In mehreren Städten Algeriens ist es zu Auseinandersetzungen zwischen Jugendlichen und der Polizei gekommen, als Demonstranten gegen hohe Lebensmittelpreise und hohe Arbeitslosigkeit protestierten.
Im Armenviertel Belcourt der Hauptstadt Algier bewarfen Jugendliche die Polizei mit Steinen und Glasflaschen. Die Polizei setzte Wasserwerfer und Tränengas gegen die Demonstranten ein. Auch in der bisher von den Protesten verschonten Stadt Annaba im Osten des Landes kam es im Anschluss an das muslimische Freitagsgebet zu Zusammenstößen, nachdem Jugendliche Steine auf Polizisten geworfen hatten, die ein Verwaltungsgebäude schützten. Ähnliche Szenen wurden in der westlichen Küstenmetropole Oran beobachtet, wo Dutzende Jugendliche Polizisten mit Steinen angriffen und daraufhin mit Tränengas beschossen wurden.
In Ain Lahdjel in der Provinz M'Sila wurde ein 18-Jähriger erschossen, berichtete die arabischsprachige Zeitung "El Chabar". Die Behörden bestätigten den Vorfall.
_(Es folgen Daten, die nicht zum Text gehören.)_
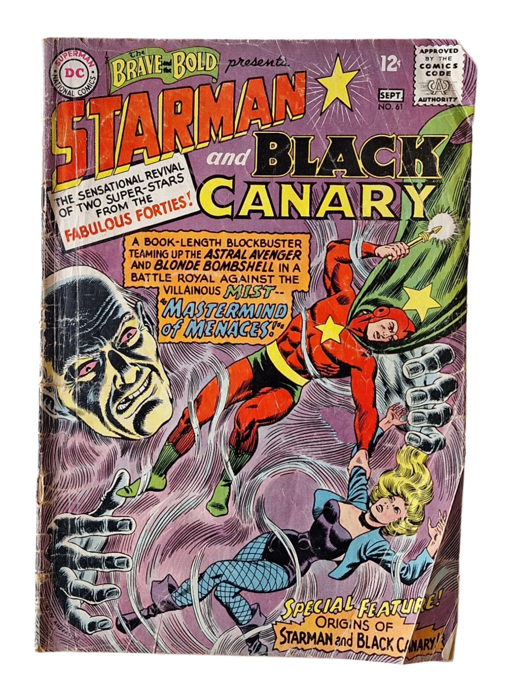 Written by Gardner Fox and illustrated by Murphy Anderson, this classic comic book was originally published in August 1965. The issue features one-page recaps of Starman and Black Canary's origins and introduces Starman's upgraded "Cosmic Rod."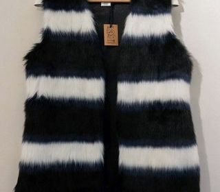 Veste blouson sans manche MOLLY BRACKEN Très pratique sur un pull, robe ou hauts divers Fourrure couleur noir/marine/blanc 3 crochets d'attache 100% Acrylique Doublure 100% po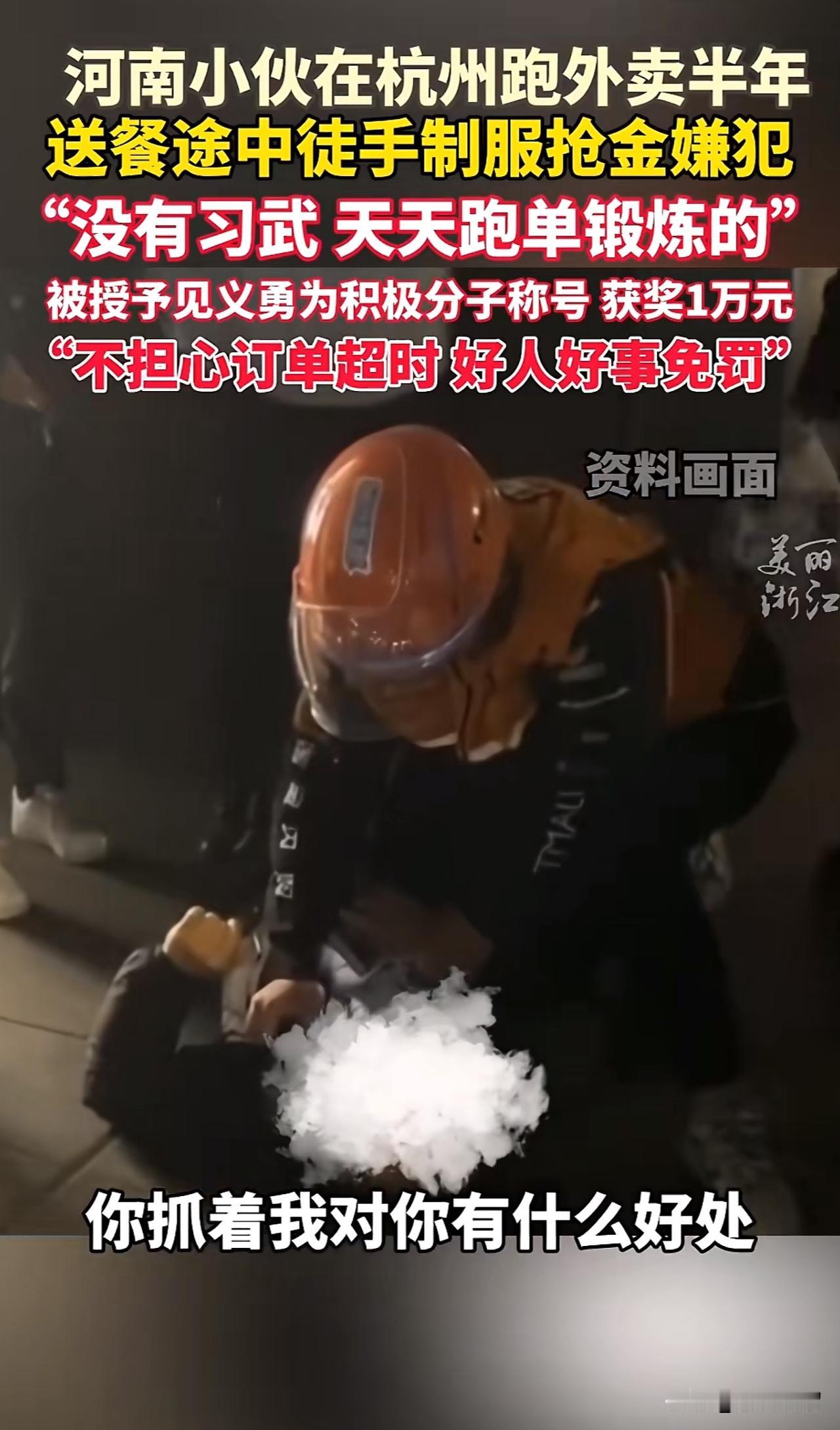 这名外卖小哥火了。 这名小伙名叫柴振鹏,是一名外卖配送员。12月15日晚7点多,一名男子在杭州外象汇商场负一楼的一家珠宝店抢夺金镯子后,迅速逃离现场。彼时,柴振鹏恰好到该商场送外卖。说时迟那时快,正往下走的他逆行冲上扶梯,一个箭步就将躲在一楼角落的男子制服,那速度,快准狠! 关键是,他在抓住歹徒的同时,也没耽误送外卖,这速度着实惊人! 事后,记者采访他时,这位小伙子腼腆地表示:“当时没多想,就觉得这是自己该做的事。” 鉴于柴振鹏的英勇事迹,外卖平台奖励他一万元现金,这也是对小伙子见义勇为行为的认可! 为这位00后外卖小哥点赞! (图片来源网络)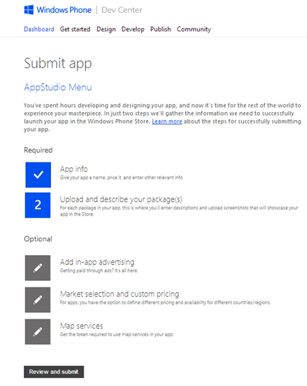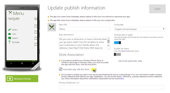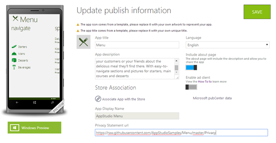 The purpose of this article is to show how to submit, in the Store, the Menu App created by Windows AppStudio. See more in the following articles: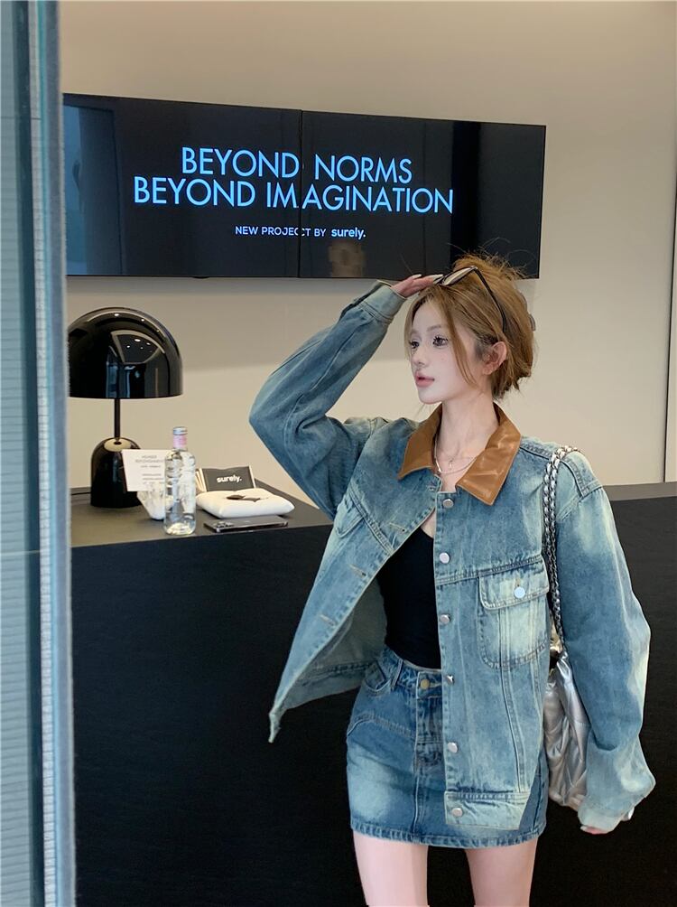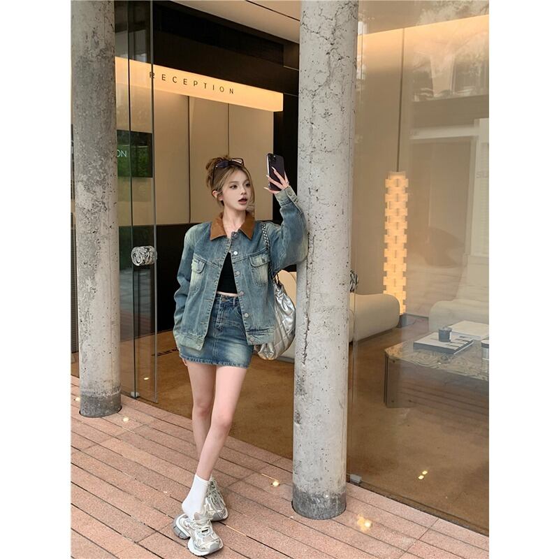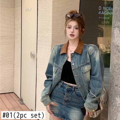 ホットガールデニムスーツ秋長袖デニムコートウエストラップヒップショートスカートツーピースセット服 ロング オータム 秋物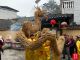 激昂的锣鼓声便响彻古寨。村民锣鼓队身着彩衣奏响欢歌,一条金黄稻草扎制的草龙腾空而起,舞龙者步伐矫健,草龙辗转腾挪、昂首摆尾,引得围观群众阵阵欢呼,大家纷纷举手机定格这乡土气息浓郁的瞬间。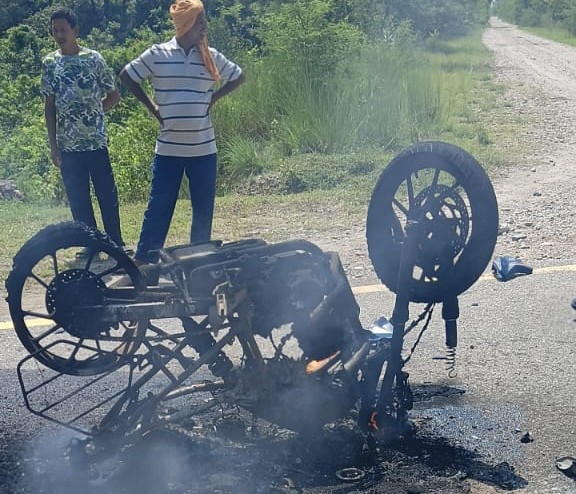 दुर्घटनापछि मोटरसाइकलमा आगलागी भएको प्रहरीले जनाएको छ । सोमबार बिहान पौने ११ बजेतिर बाँके–सङ्ग्रामपुर सडकखण्डमा श्रीनगरबाट बाँके चोकतर्फ आउँदै गरेको प्रदेश ०३–०२८ प २१९१ नम्बरको मोटरसाइकल र रेल्वे ट्रयाक हुँदै बयलवासबाट बाँके खोलातर्फ जाँदै गरेको बा। ८ च ६५ नम्बरको पिकअप आपसमा ठोक्किएका इलाका प्रहरी कार्यालय केशरगञ्जले जनाएको छ ।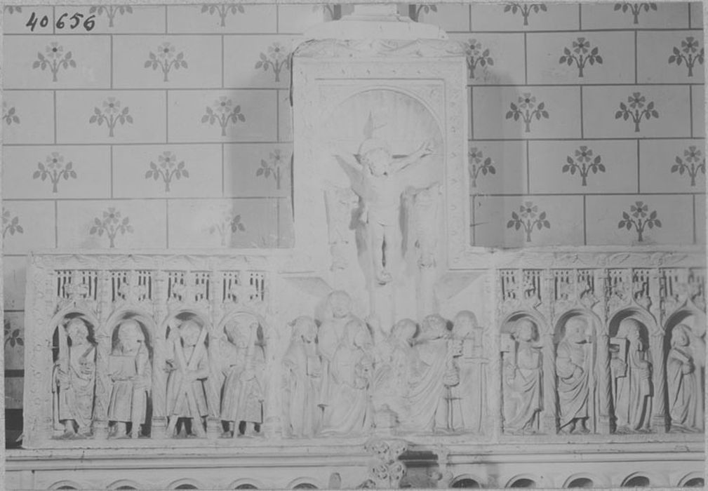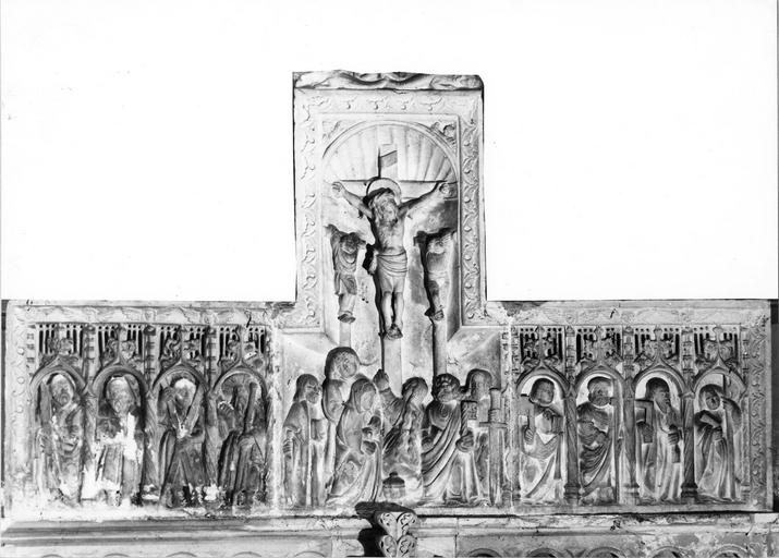 Au milieu est représentée la scène de la Crucifixion.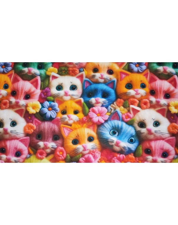 Tejido de algodon 100 % con estampacion de unos preciosos gatitos de peluche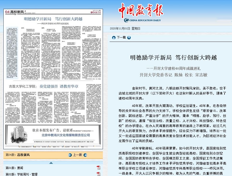 中國教育報:明德勵學開新局 篤行創新大跨越 ——開封大學建校40 周年成就巡禮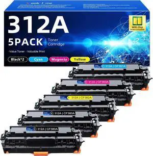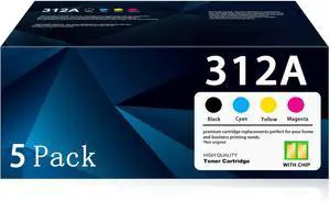 312A Toner Cartridges ( 5-Pack , with Chip) Replacement for HP 312A 312X CF380A CF381A CF382A CF383A Work with Color Pro MFP M476 Series (2BK/1C/1Y/1M)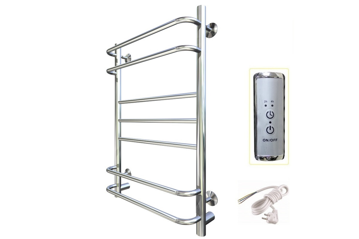 Экономичность: Полотенцесушитель снабжен панелью управления. Кнопка включения/выключения и таймер на 2 часа и 4 часа , который позволяет включать изделие на ограниченное время. Эта функция дает возможность экономить электричество.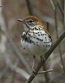 Дрізд лісовий[2] (Hylocichla mustelina) є представником північноамериканських горобцеподібних. Він споріднений з іншими дроздами, такими як дрізд мандрівний, і широко поширений по всій Північній Америці, зимуючи в Центральній Америці та на півдні Мексики. Дрізд лісовий вважається офіційним птахом округу Колумбія[3].

Drei weitere Demonstranten wurden dem Zeitungsbericht zufolge verletzt. Eine Menge habe versucht, gewaltsam in die Post und ein Verwaltungsgebäude einzudringen. Der Schuss seien gefallen, als die Polizei gegen die Demonstranten vorgegangen sei. Ain Lahdjel liegt rund 300 Kilometer südöstlich der Hauptstadt Algier.
20 Prozent Arbeitslosigkeit unter Jugendlichen
Die Proteste dauern seit mehr als einer Woche an. Handelsminister Mustapha Benbada kündigte für heute Beratungen des Kabinetts über Maßnahmen zur Eindämmung der Preissteigerung an. Die Wut der Demonstranten entzündete sich aufgrund der kürzlich stark gestiegenen Preisen für Grundnahrungsmittel, richtet sich jedoch auch gegen die hohe Arbeitslosigkeit. Dem Internationalen Währungsfonds (IWF) zufolge sind 75 Prozent der Algerier jünger als 30 Jahre, mehr als 20 Prozent von ihnen sind arbeitslos. Nach Angaben der algerischen Gewerkschaft der Händler und Handwerker stiegen die Lebenshaltungskosten zuletzt um 20 bis 30 Prozent. Am stärksten betroffen seien die Preise für Zucker und Öl.
UNO warnt vor Unruhen wegen Hunger
Auch im Nachbarland Tunesien gibt es seit Tagen Proteste aus Verzweiflung über die Armut, aber auch die Repression der Führung unter Präsident Ben Ali. Trotz des harten Vorgehens der Sicherheitskräfte gehen inzwischen auch regierungstreue Beamte auf die Straße.
Die UN-Organisation für Landwirtschaft und Ernährung (FAO) zeigte sich beunruhigt über den weltweiten Anstieg der Preise von Lebensmitteln in den vergangenen sechs Monaten. Der Preis für Grundnahrungsmittel sei auf dem höchsten Stand seit 1990 und damit höher als zur Zeit der weltweiten Hungerunruhen 2008. Dieser Preisanstieg sei "sehr beunruhigend, da er Millionen Menschen trifft, vor allem wenn er Grundnahrungsmittel wie Getreide betrifft", sagte der FAO-Getreideexperte Abdolreza Abbassian in Paris.